Struct DrawProcess 

pub struct DrawProcess { /* private fields */ }

A structure that can display text inside a grid.
Cloning chunk processes is bad practice! Use it only if you have to.

Implementations

impl DrawProcess

pub fn width(&self) -> usize

Gets the chunk’s width - the number of characters that can be displayed on a line.

let mut grid = grid::Frame::new(30, 30, 100, 100).next_frame();
let mut process = grid.into_process(grid::DividerStrategy::Beginning);
assert_eq!(process.width(), 70);

pub fn height(&self) -> usize

Gets the chunk’s height - the number of lines that can fit in it.
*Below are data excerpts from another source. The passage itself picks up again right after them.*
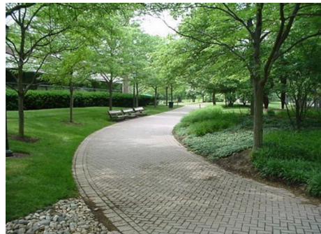
Walking Paths & Greenway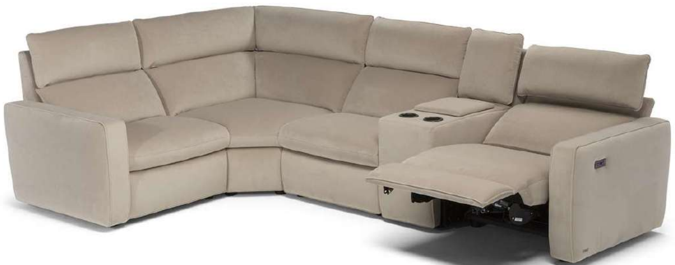
■ Vers. 272+011+291+323+F52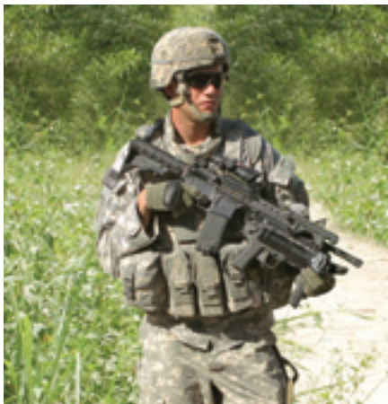
M320 Grenade launcher

The M320 Grenade Launcher enables soldiers to accurately engage the enemy in daylight or total darkness with 40 mm low-velocity grenades. The M320 will replace all M203 series grenade launchers mounted on the M16/M4 series of rifles and carbines. The weapon has a side-loading unrestricted breech that allows the system to fire longer 40 mm projectiles (NATO standard and non-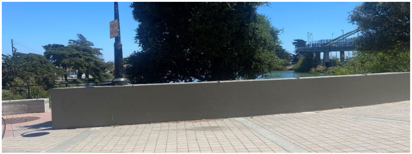
Wall dimensions are approximately 42.5' long x 3.5' high x 2' deep.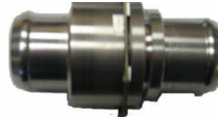
Part 7976-C as set Quick disconnect for Audi/Volks

let mut grid = grid::Frame::new(30, 30, 100, 100).next_frame();
let mut process = grid.into_process(grid::DividerStrategy::Beginning);
assert_eq!(process.height(), 70);

pub fn start_x(&self) -> usize

Gets the x position where the process begins.

let mut grid = grid::Frame::new(30, 30, 100, 100).next_frame();
let mut process = grid.into_process(grid::DividerStrategy::Beginning);
assert_eq!(process.start_x(), 30);

pub fn start_y(&self) -> usize

Gets the y position where the process begins.

let mut grid = grid::Frame::new(30, 30, 100, 100).next_frame();
let mut process = grid.into_process(grid::DividerStrategy::Beginning);
assert_eq!(process.start_y(), 30);

pub fn end_x(&self) -> usize

Gets the x position where the process ends.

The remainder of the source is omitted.